O universo mágico onde seres inanimados ganham vida quando ninguém está olhando tem um lugar especial no imaginário humano. A atração vem por uma mistura de dois elementos: a realização do faz-de-conta, pois é quando a criança (ou qualquer outro ser vivo) que inventa as histórias dorme ou está ausente que eles vivem suas próprias vidas, e o mistério, por não poder descobrir o que acontece naquela realidade, já que esses seres, a princípio, jamais coexistirão. Wander to Wonder traz bonecos, inusitados, diga-se, pois são parte de um programa de televisão. O nome vem da própria atração, apresentada por tio Billy e com seus amiguinhos bonecos Mary, Billybud e Fumbleton.
Com o público já interessado, a diretora Nina Gantz passeia pelo tempo fazendo um retrato da mudança geracional e suas implicações na linguagem televisiva, no próprio dispositivo e em sua programação. Falando do tempo, da inocência, de novas maneiras de encarar o mundo e se relacionar com ele (e com o passado também), passeamos entre o começo da história de “Wander to Wonder”, o show, para chegar a um presente quase apavorante. Nele não há entendimento ou coordenação. O que existe ali é abandono, luto e criaturas que não têm a menor ideia de como lidar com isso.
O curta vai se desenvolvendo de maneira perturbadora, exibindo aos poucos aquilo que já era percebido. O humor, porém, nunca deixa de estar presente, causando no espectador um estranhamento interessante, fazendo-o perceber no filme uma certa identificação, em especial em momentos de perda de figuras referenciais. O que parecia estar interessado em alcançar uma geração aprofunda sua discussão e chega a um outro ponto, num descortinar de outras dinâmicas interpessoais.

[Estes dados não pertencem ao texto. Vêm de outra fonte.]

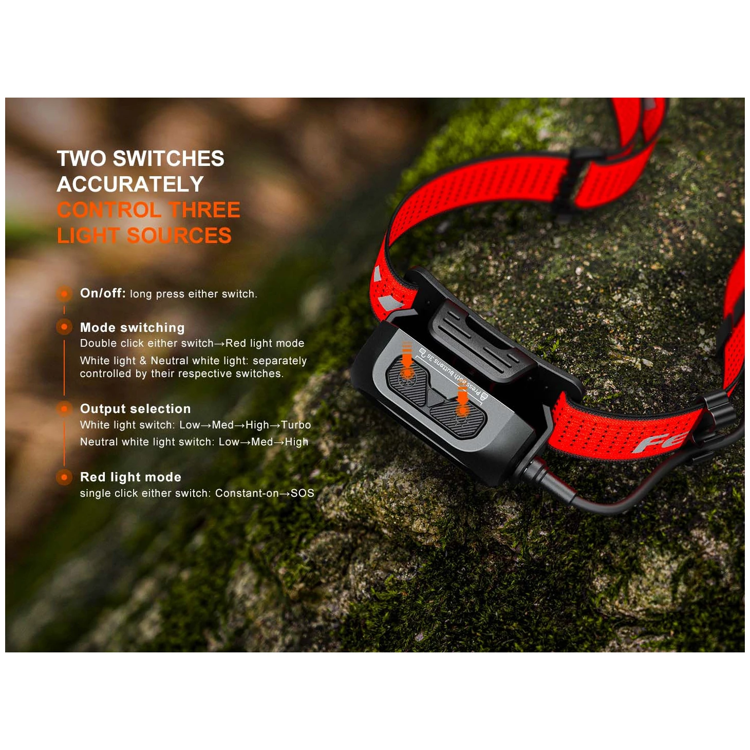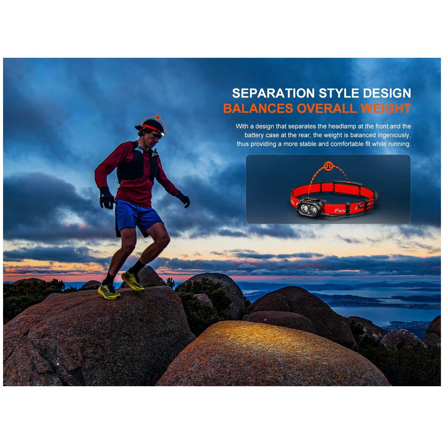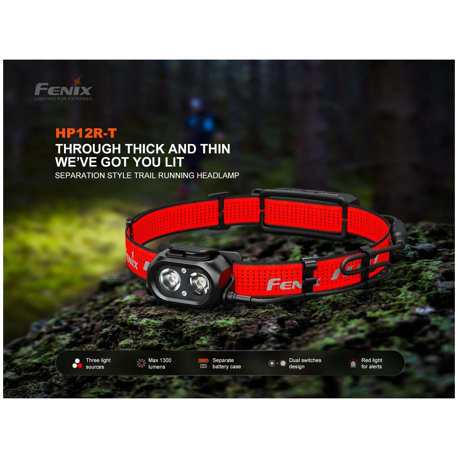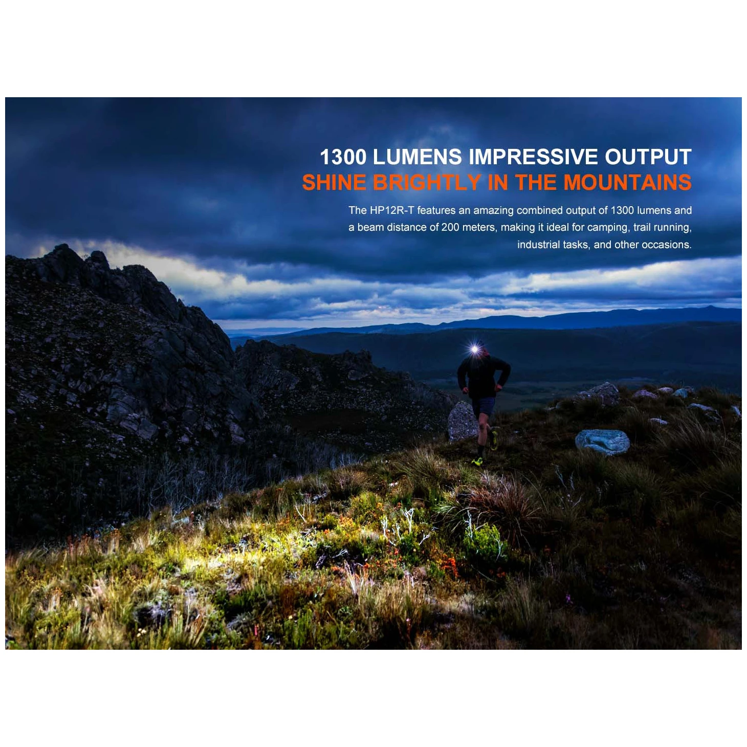 La Fenix HP12R-T è una lampada frontale ad alte prestazioni con una struttura pratica che presenta un vano batteria posteriore separato. Grazie ai due riflettori, offre un flusso luminoso fino a 1300 lumen (ANSI) e una portata fino a 200 metri. I riflettori producono fasci di luce ben focalizzati che brillano da lontano e da vicino allo stesso tempo.

Gantz é uma animadora habilidosa e, em mais uma fricção, aborda temas complexos e pesados com o seu stop motion fofinho. Cuidadosa com todos os elementos, faz um trabalho primoroso de ambientação e usa a luz e o som para criar e instigar a tensão durante todo o filme. A exposição gradual da derrocada é incrível. Referências ao universo daquelas criaturas são, ao mesmo tempo, elementos aflitivos e bem-humorados. Seja na busca por habilidades shakespearianas, na contação de histórias e ou na reprodução de velhas marcas e roteiros. Aqueles que antes falavam para muitos e eram importantes, hoje falam para ninguém. E não têm nem quem os ajude em um momento de necessidade.
Há claro, muita ingenuidade na constituição dessas personas e atenção a suas personalidades: a otimista sábia, o habilidoso tolo e o talentoso destemido. Três seres aprisionados em uma realidade, que, em isolamento, perderam o passar do tempo e todas as mudanças tecnológicas e sociais. Além de, agora, só se relacionarem entre eles, não entendem mais como o mundo se relaciona com as figuras deles. E agora eles têm que descobrir como fazer sentido novamente. Possivelmente, em um universo paralelo qualquer, seguindo o padrão da não coexistência. Porém, mesmo em outro ambiente, o que se vê na tela são coisas que fazem parte do outro mundo, este aqui, bem humano.